Work instruction: Set down exactly the lines running from the one with "O anfiteatro é" to the last line of the listing below, both included, and skip every picture.

Provided material:
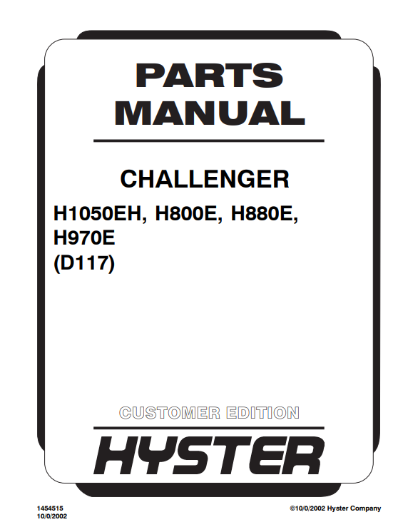 Hyster parts manual covering H1050EH, H800E, H880E, and H970E, providing essential information for maintenance and repairsHyster H1050EH, Hyster H800E, Hyster H880E, Hyster H970E (D117) Parts Manual
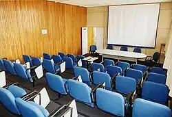 O anfiteatro é de uso restrito para palestras, cursos, aulas, seminários, etc. Voltadas à atividades acadêmicas dos cursos da Faculdade.[1]
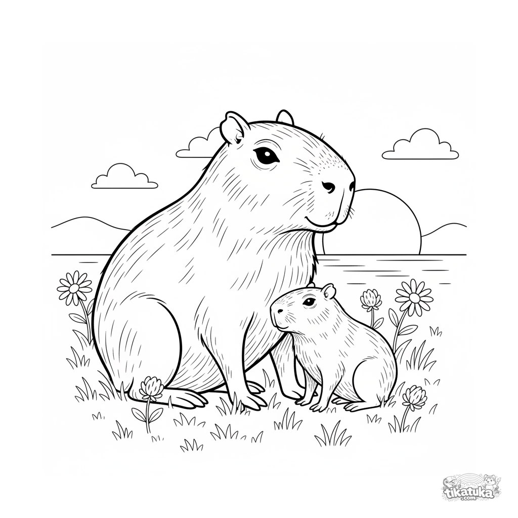 Ausmalbild für Kinder 4-6 Jahre: Ein Capybara-Elternteil und Baby beobachten friedlich den Sonnenuntergang auf einer Wiese. Einfache Formen, Szene der Zärtlichkeit.
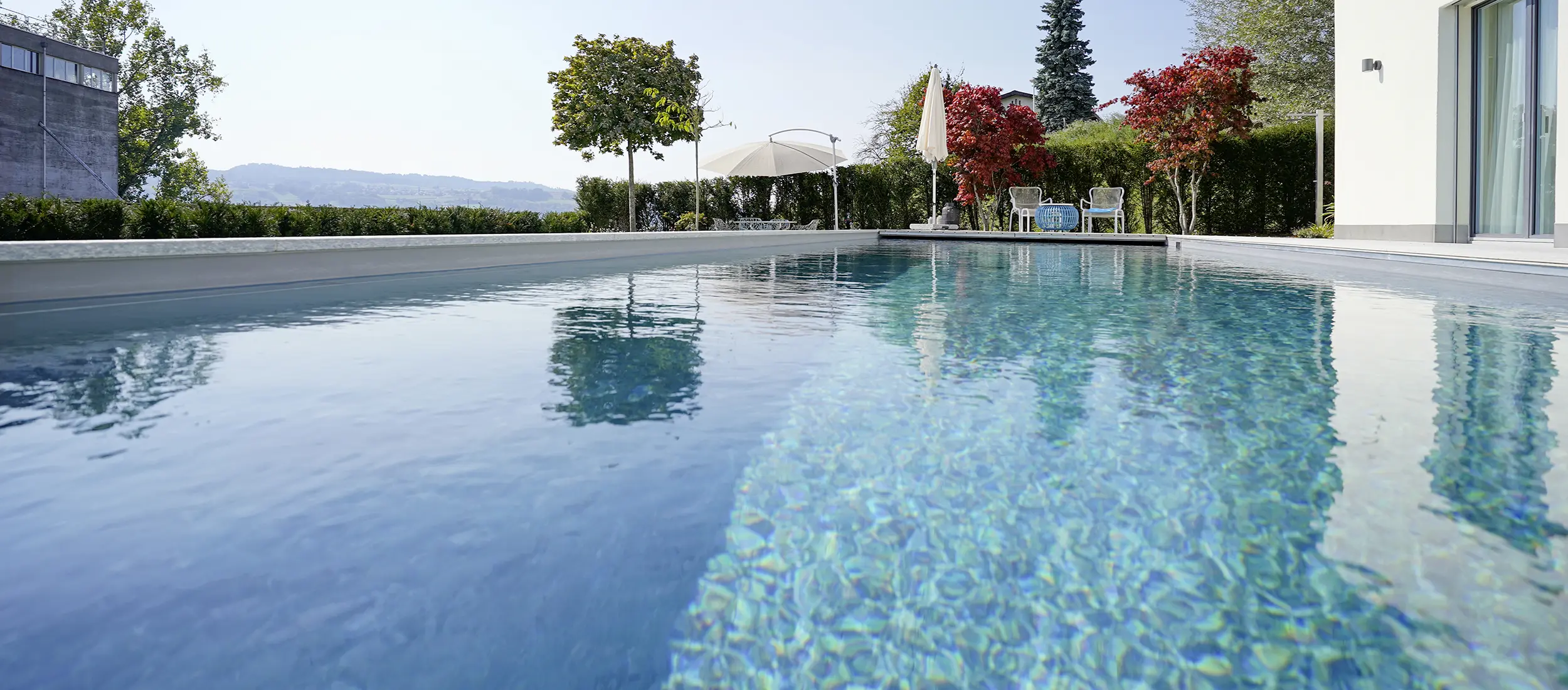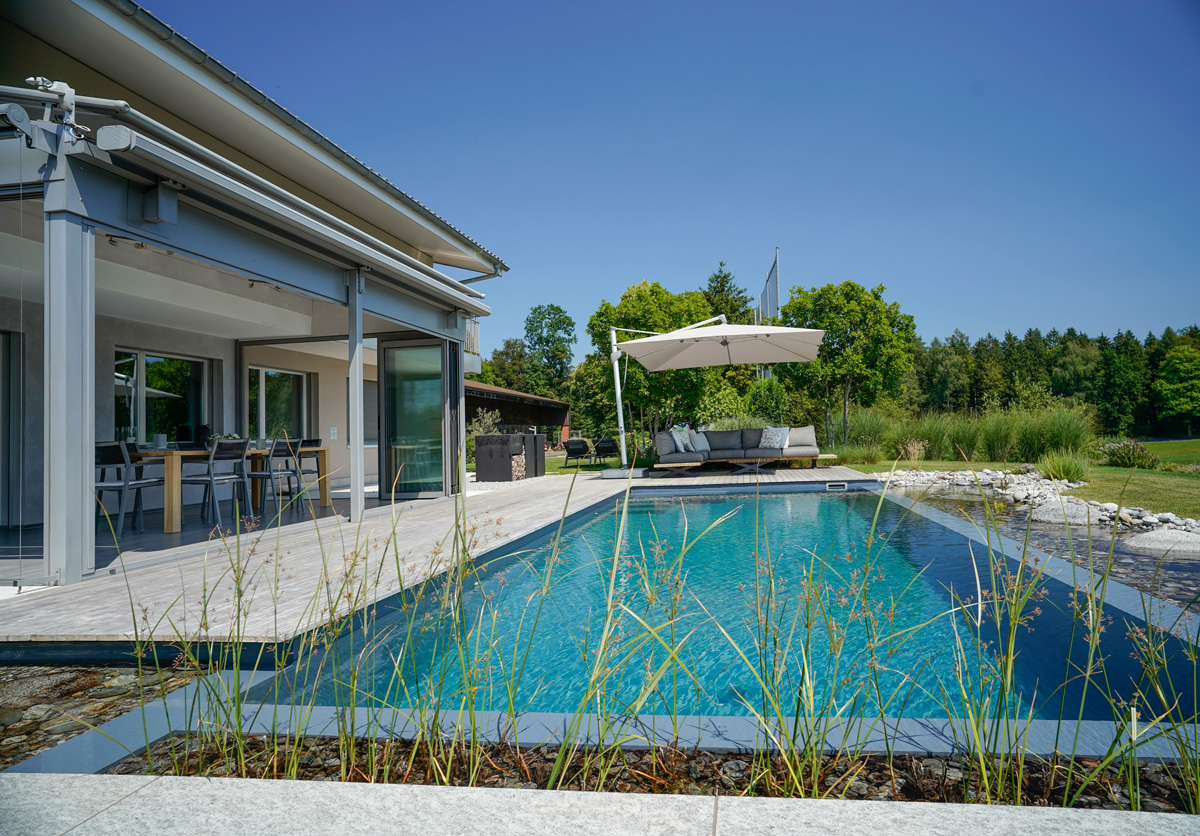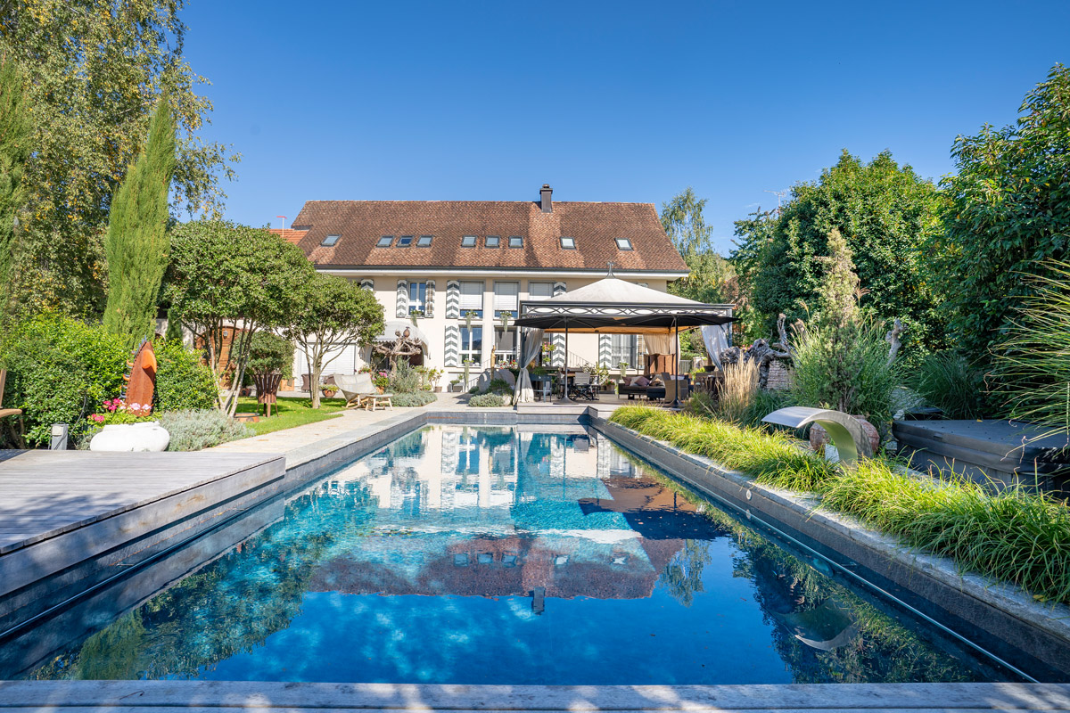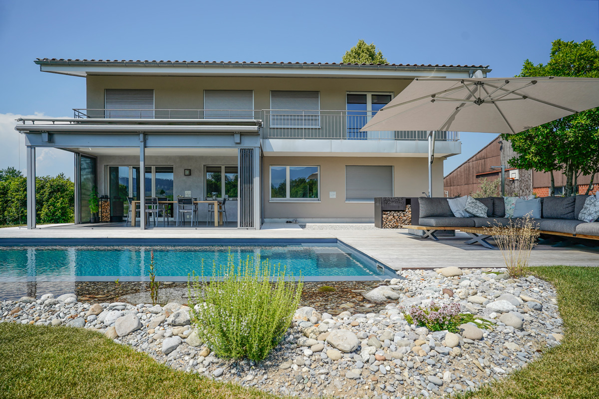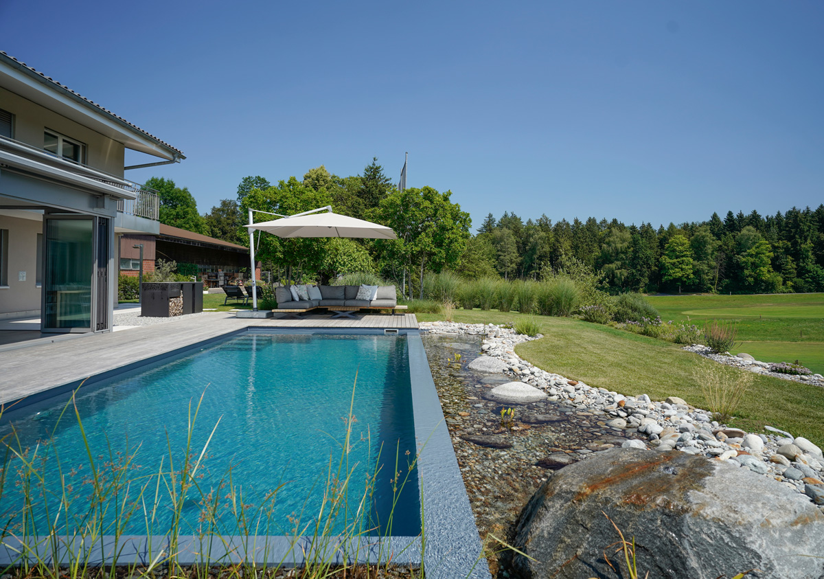 Hinter dem Ausdruck «Pool» verstecken sich noch viele weitere Möglichkeiten: Ein Salzwasserpool zum Beispiel ist eine tolle Alternative zum herkömmlichen, chlorgereinigten Pool. Das Salzwasser ist gut für die Haut und reizt die Augen nicht, und das Naturprodukt hält den Pool ebenso sauber wie Chlor. Und wer gerne noch etwas Massage und Licht dazu hat: Mit einem Whirlpool oder C-Side-Pool besitzen Sie Ihr ganz persönliches Home-Spa. Wir beraten Sie gerne.

Reply to the exercise:
 O anfiteatro é de uso restrito para palestras, cursos, aulas, seminários, etc. Voltadas à atividades acadêmicas dos cursos da Faculdade.[1]
 Ausmalbild für Kinder 4-6 Jahre: Ein Capybara-Elternteil und Baby beobachten friedlich den Sonnenuntergang auf einer Wiese. Einfache Formen, Szene der Zärtlichkeit.
 Hinter dem Ausdruck «Pool» verstecken sich noch viele weitere Möglichkeiten: Ein Salzwasserpool zum Beispiel ist eine tolle Alternative zum herkömmlichen, chlorgereinigten Pool. Das Salzwasser ist gut für die Haut und reizt die Augen nicht, und das Naturprodukt hält den Pool ebenso sauber wie Chlor. Und wer gerne noch etwas Massage und Licht dazu hat: Mit einem Whirlpool oder C-Side-Pool besitzen Sie Ihr ganz persönliches Home-Spa. Wir beraten Sie gerne.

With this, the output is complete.